Печальные песни сирен | Страница: 29

  • Georgia
  • Verdana
  • Tahoma
  • Symbol
  • Arial
16
px

«Мне бы еще пуховик», — мелькнула мысль, и она опять потеряла сознание.


Лиз пришла в себя ночью, лежа затылком на жесткой подушке в медпункте. Конноли скручивал сигарету, сидя в ногах железной кровати. Силуэт Дэвида вырисовывался на фоне серого прямоугольника окна. Лиз пошевелила руками. Плечам было холодно, как в тот вечер, когда она попала под дождь и когда… Она сообразила, что лежит раздетая под двумя шершавыми одеялами. Конноли уже прикуривал свою самокрутку. Бумага, смоченная слюной, никак не хотела разгораться.

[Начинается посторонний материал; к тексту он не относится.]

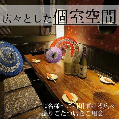 2~10名様用の掘りごたつ個室をご用意。周りを気にせずくつろげる空間は少人数でのお食事にもご宴会にも◎

— Она очнулась, — сказал Дэвид.

Лиз облизнула губы. Во рту все склеилось, словно во сне ее поили клеем. Мысль о том, что она лежит голая перед двумя мужчинами, ей не понравилась. Лиз так и не привыкла к спокойному бесстыдству товарищей по гимнастической школе. Кто раздел ее? Наверняка Дэвид. Вообразив их комментарии, она показалась себе смешной. Какие непристойные мысли! Может, пребывание в гнилом воздухе повлияло на ее мозг?

— Скажи же что-нибудь! — нетерпеливо попросил Дэвид.

— Привет, — пробормотала Лиз. — Значит, достали всех?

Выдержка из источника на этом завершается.